Processed some photos from my trip to APNIC/APRICOT in MY/Kuala Lumpur!
benjojo
replied 02 Mar 2025 12:07 +0000
in reply to: https://benjojo.co.uk/u/benjojo/h/N4N777299c2YDhrjCZ
In other news, the whole computational photography via mobile phones has made photos that look good to the average glance, but if you look closely at the last photo you can definitely tell that something isn't really right compared to the other 3. There's something about the details that just doesn't look correct, but I think because everybody is taking photos on smart phones these days, it's easy to overlook this and you have a direct "A|B" contrast
athompso@bsd.network
replied 02 Mar 2025 12:39 +0000
in reply to: https://benjojo.co.uk/u/benjojo/h/6238451553fRf6lJ6p
@benjojo on a cell phone screen? Looks fine. Literally not seeing anything wrong with the photo even after being prompted.

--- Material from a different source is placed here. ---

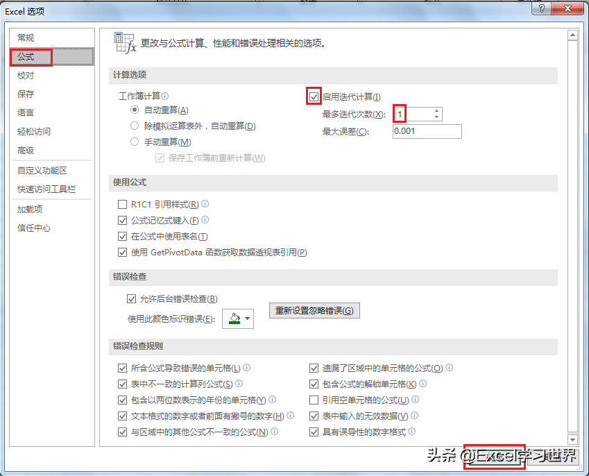2. 在弹出的对话框中选择“公式”--> 勾选“计算选项”区域的“启用迭代计算”,在“最多迭代次数”中填写“1”--> 确定

Are look looking at it on a large display?
benjojo
replied 02 Mar 2025 12:53 +0000
in reply to: https://bsd.network/users/athompso/statuses/114092877485865554
@athompso I guess so? the Hi-DPI screen is likely hiding the weird crimes the processing is doing. The top 3 photos are just so much clearer in a way I cannot describe
dee@social.treehouse..
replied 02 Mar 2025 12:44 +0000
in reply to: https://benjojo.co.uk/u/benjojo/h/6238451553fRf6lJ6p
@benjojo that uncanny valley sensation is there in most phone photography if you zoom in just a fraction. there's a big difference between the photos my Pixel 9 Pro takes when I allow the camera to have network access (and then it talks to Cloud AI) vs no network access (but still a locally computed version) and then the most basic pics taken on a camera (more light, virtually no computation). I've regressed into carrying the camera quite a lot just because if I'm taking the pic maybe I want a quality worth keeping.